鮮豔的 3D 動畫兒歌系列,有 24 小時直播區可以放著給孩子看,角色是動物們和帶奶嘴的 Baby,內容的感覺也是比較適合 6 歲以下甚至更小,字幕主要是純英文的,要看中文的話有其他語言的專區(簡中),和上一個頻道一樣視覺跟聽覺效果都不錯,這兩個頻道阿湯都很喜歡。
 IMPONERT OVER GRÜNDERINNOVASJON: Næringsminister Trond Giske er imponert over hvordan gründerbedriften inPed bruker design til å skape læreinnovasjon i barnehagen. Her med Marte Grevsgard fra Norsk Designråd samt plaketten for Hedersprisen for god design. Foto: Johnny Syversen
==
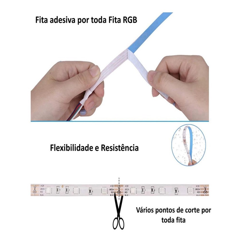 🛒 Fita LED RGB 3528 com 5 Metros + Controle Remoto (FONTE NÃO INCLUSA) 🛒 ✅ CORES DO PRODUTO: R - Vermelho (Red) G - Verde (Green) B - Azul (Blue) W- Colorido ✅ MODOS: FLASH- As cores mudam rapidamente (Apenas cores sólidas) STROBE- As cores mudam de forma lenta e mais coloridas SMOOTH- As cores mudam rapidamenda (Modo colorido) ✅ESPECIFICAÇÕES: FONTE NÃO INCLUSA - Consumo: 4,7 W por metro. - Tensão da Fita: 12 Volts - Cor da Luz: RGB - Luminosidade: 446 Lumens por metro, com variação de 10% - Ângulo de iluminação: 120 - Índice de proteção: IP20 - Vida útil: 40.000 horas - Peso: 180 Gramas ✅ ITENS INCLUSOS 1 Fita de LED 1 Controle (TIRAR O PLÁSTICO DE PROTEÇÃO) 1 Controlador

- EXERCISE BRIEF
All lines above from the one holding "鮮豔的 3D 動畫兒歌系列,有" to the one holding "IMPONERT OVER GRÜNDERINNOVASJON: Næringsminister", inclusive, are to be copied exactly; no other line is wanted.

- SOLUTION TO THIS PROBLEM
鮮豔的 3D 動畫兒歌系列,有 24 小時直播區可以放著給孩子看,角色是動物們和帶奶嘴的 Baby,內容的感覺也是比較適合 6 歲以下甚至更小,字幕主要是純英文的,要看中文的話有其他語言的專區(簡中),和上一個頻道一樣視覺跟聽覺效果都不錯,這兩個頻道阿湯都很喜歡。
 IMPONERT OVER GRÜNDERINNOVASJON: Næringsminister Trond Giske er imponert over hvordan gründerbedriften inPed bruker design til å skape læreinnovasjon i barnehagen. Her med Marte Grevsgard fra Norsk Designråd samt plaketten for Hedersprisen for god design. Foto: Johnny Syversen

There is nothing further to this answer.